Celebrating the Bigcone Douglas-fir of the San Gabriel Mountains
After nearly a month of travel through one of the gems of Southern California, I’ve had enough time to reflect on all aspects of the journey–including the wonders of the wilderness and forest, as well as the state of the region. The San Gabriel Mountains remain wild, in large part, because of isolation due to slope. John Muir called them the steepest mountains he ever hiked in! It seems to me that the forests here are doing as well as they are, while our climate is rapidly changing, because of this isolation in slope. Forest pathogens travel much slower through heterogeneous landscapes with mixed stands of trees. Many of the Bigcone Douglas-fir stands we visited were in isolated on slopes of greater than 50º. Isolation sculpts the ecology of the mountain’s biota in many ways, and makes life for Pseudostuga both easier and more difficult. That balance defines the ecological amplitude of many of the species on the California Floristic Province.

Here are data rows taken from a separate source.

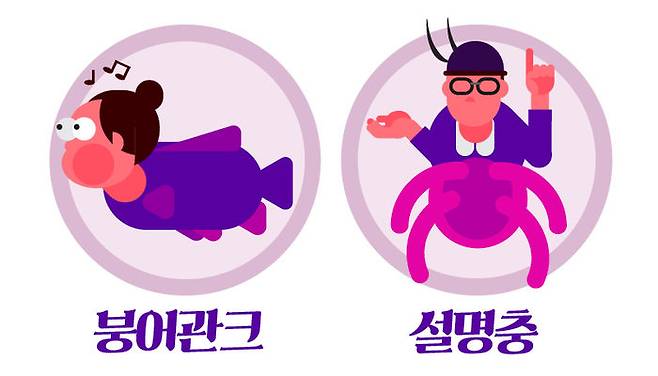 '폰딧불'은 폰과 반딧불이 합쳐진 말인데요, 핸드폰 액정 불빛으로 다른 사람들의 시선을 빼앗는 관객을 말합니다. '소리 방해꾼'에는 '붕어관크'와 '설명충'이 있습니다.
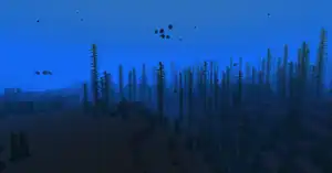 An ocean variant with bright teal water at the surface. It can contain coral reefs, sea pickles, seagrass, dolphins, tropical fish and pufferfish. |
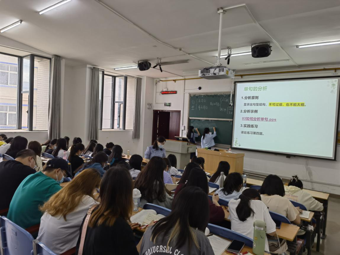《现代汉语》课上,授课教师江佳慧准备充分,运用通俗易懂的语言和丰富详实的例子,深入浅出地向同学们详细讲解了“单句的分析原则”,同学们听讲认真,课堂气氛活跃,展现了我院良好的教学氛围。课后,李军对江老师的教学水平给予积极评价,对学生踏实认真的求知态度给予肯定,并就改进课堂教学、提高教学质量提出意见和要求。李军指出,要以师范专业认证为契机,进一步改进课堂教学、提高教学质量和人才培养质量。
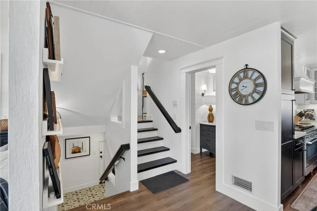 The design embodies a sophisticated Modern Mountain aesthetic, highlighted by a stunning tuxedo-style kitchen featuring a solid white farmhouse sink, commercial-grade appliances, and a custom iron island. Beautiful LVP luxury waterproof flooring flows throughout, complemented by custom shiplap walls and ceilings that add warmth and character.
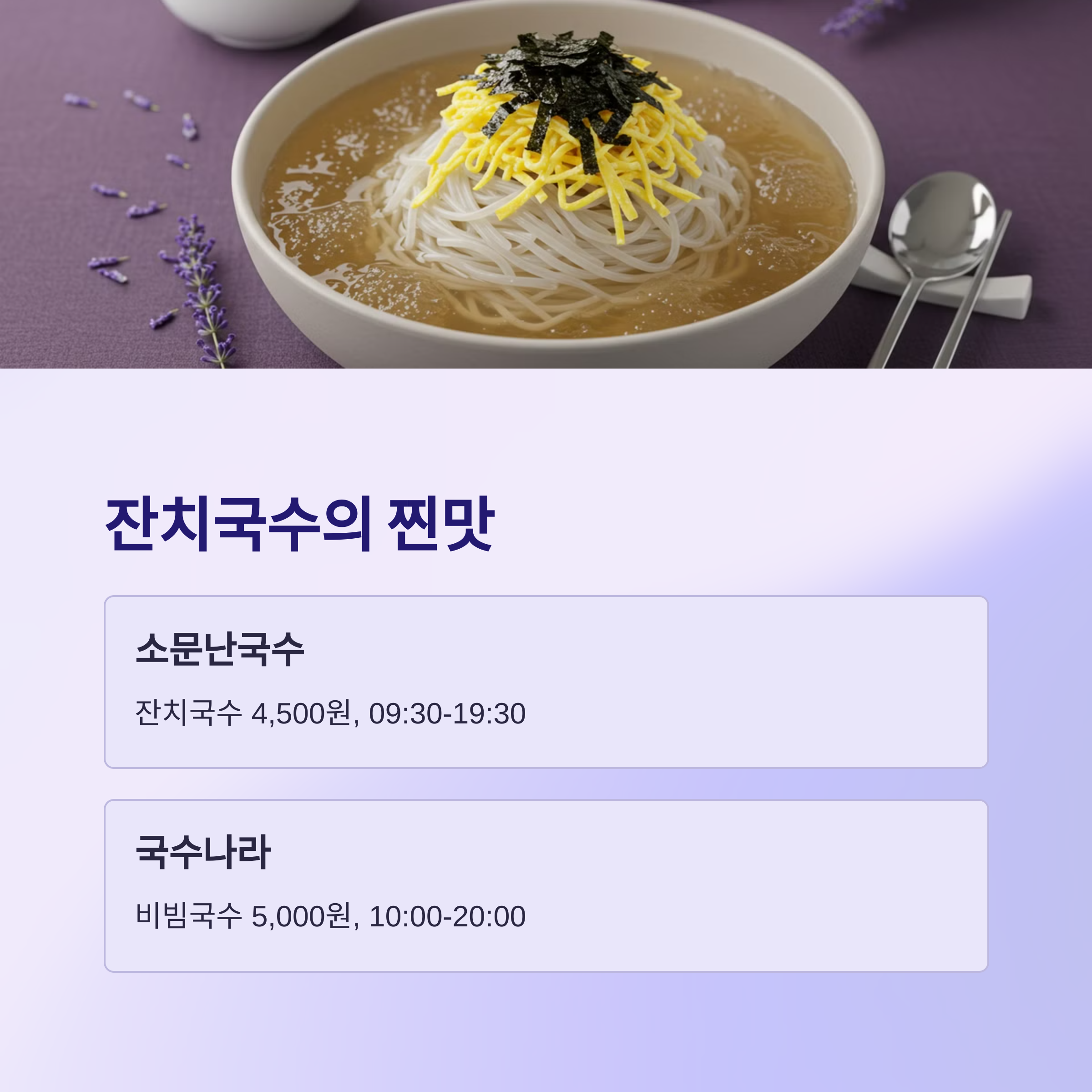 날씨가 흐리거나 기분이 축축 처지는 날엔, 따끈한 잔치국수 한 그릇 생각나지 않으세요? 광명엔 그런 날 딱 맞는 국수집이 있어요. 멸치 육수에 삶은 소면, 얇게 채 썬 계란지단과 김가루, 그리고 살짝 매콤한 양념장이 어우러진 국수 한 그릇은 정말 위로가 되거든요. 특히 어르신들이 많이 찾는 오래된 국수집은 기교보다는 정성이 느껴져서 더 좋습니다.
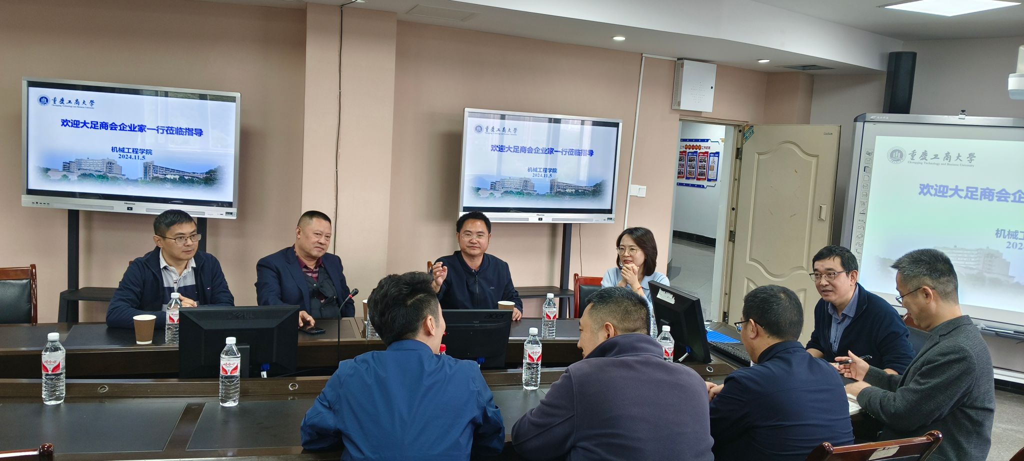 11月5日,广东省大足商会企业代表来校与机械工程学院开展交流,双方就校企合作、选人用人等相关内容进行座谈,机械工程学院相关领导出席座谈会。
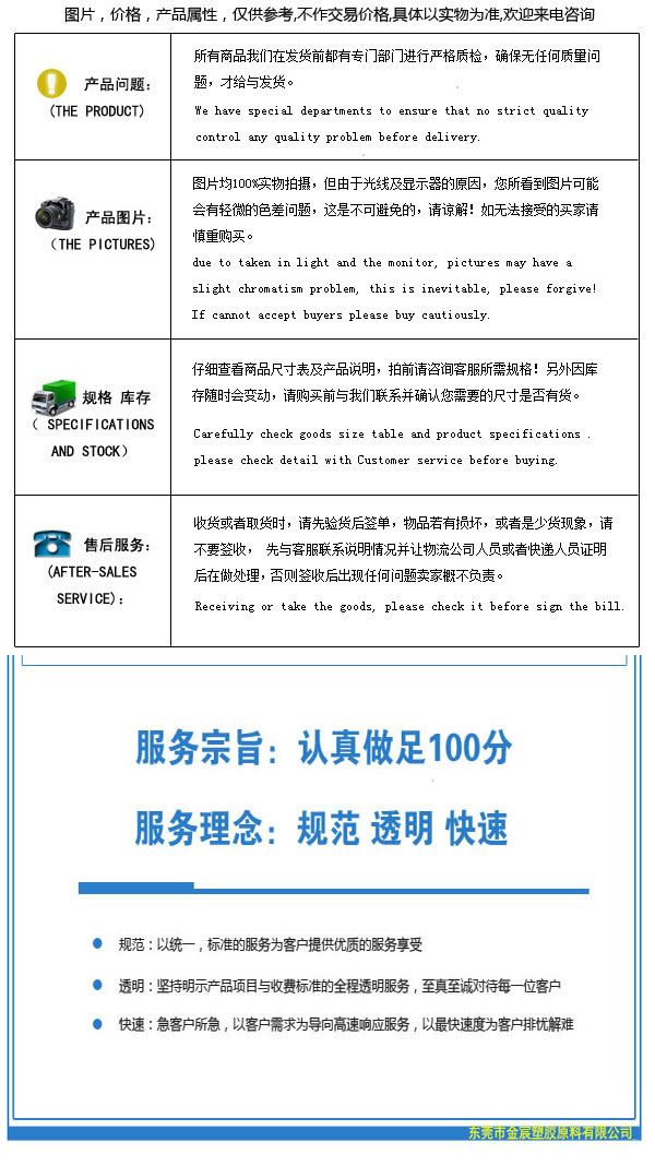 本公司原料25公斤起订,批量可折扣,款到发货或货到付款,珠三角一天内到达,国内各地3-4天到货. 特别声明:因塑胶行情每天都会有变更,页面上有些报价可能会与当天实际报价有所差异,请用手机或电话直接询价。感谢您的大力支持。 郑重承诺:本公司所售原料均为原厂原包装正牌料,杜绝一切副牌料,水口料以次充好运费说明: ★ 支持物流,快递和货运; 支持现金,银行转账。 ★ 本司原料低于500KG,不承担运费,订货500KG以上珠三角地区可送货上门; 省外客户物流,快递或货运; 不便之处敬请谅解! ★ 选用物流或者快递的买家,请先确认当地是否有该物流或快递的营业网点。 ★ 原料到厂后,请不要拆外包装,应先仔细检查原料的外包装是否完好及原料型号是否与您所订购原料型号相匹配。 ★ 货物送达后,请当面检查,若物流过程中出现大量包装损坏及原料外漏的,请让物流人员出具证明并保存,并立即与我们联系。 ★ 我们承诺期限内发货,但对承运人效率无法作出保证,如果物流快递超出3天,货运超出5天,请联络我们协助查询。 ★ 买家也可以根据交易状态中填写的单号信息,自行联系承运方,以便第一时间获知详细信息。 ★ 本公司原料售后的注塑加工由客户负责,如需帮助,我公司工程部将竭尽所能与您共同协商处理。
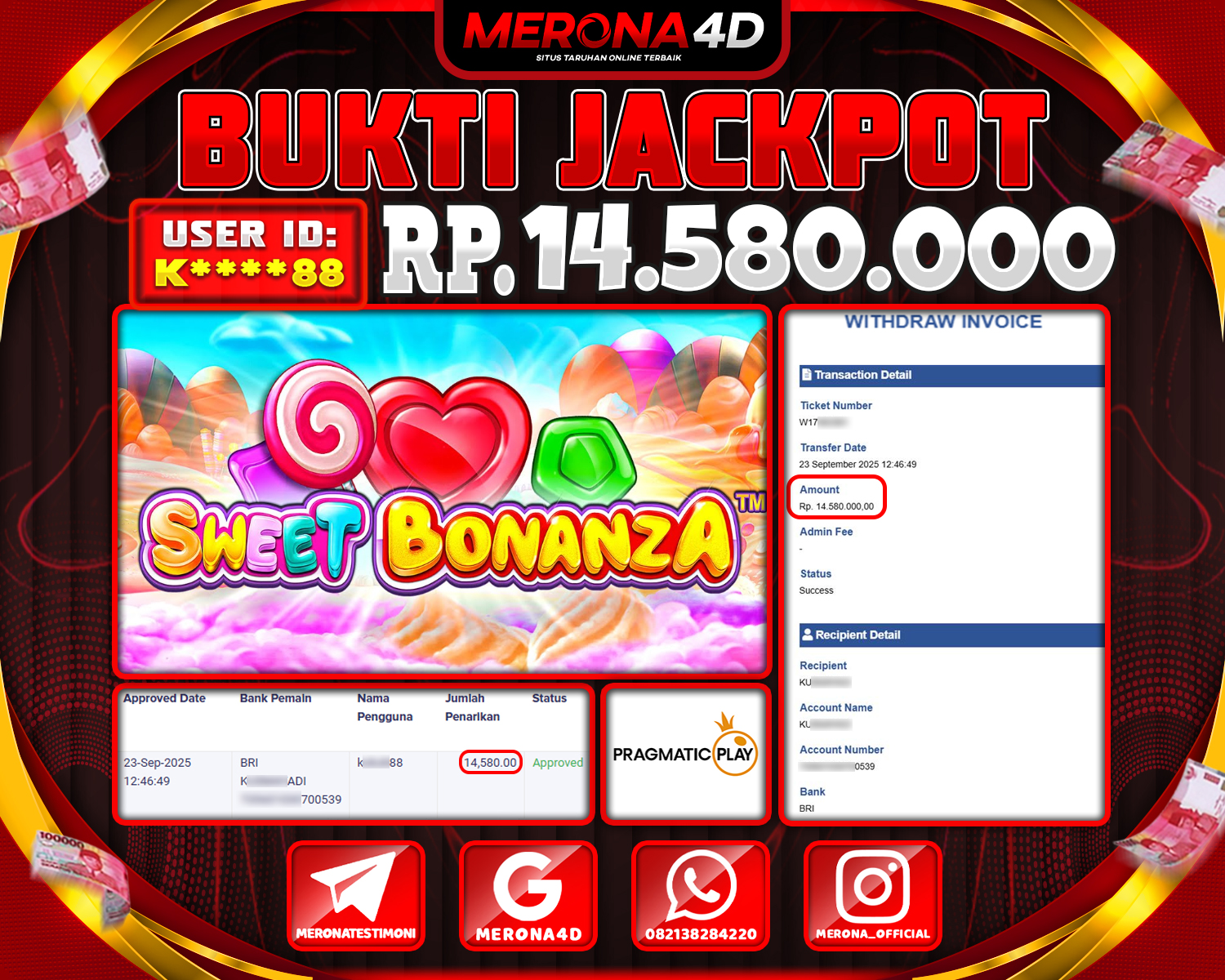 Selamat Kepada Member MERONA4D K*****8 Telah Jackpot Di SWEET BONANZA

I’m still working on the full report for our findings, but in general it can be said that within region 1 of the map below, Bigcone Douglas-fir are not doing well. Elsewhere, they seem to be doing fine at the moment–especially if the species has been able to avoid high intensity fires. Reproduction is occurring at variable rates but they seem to like disturbed areas, like landslides, which the San Gabriels have no problem offering.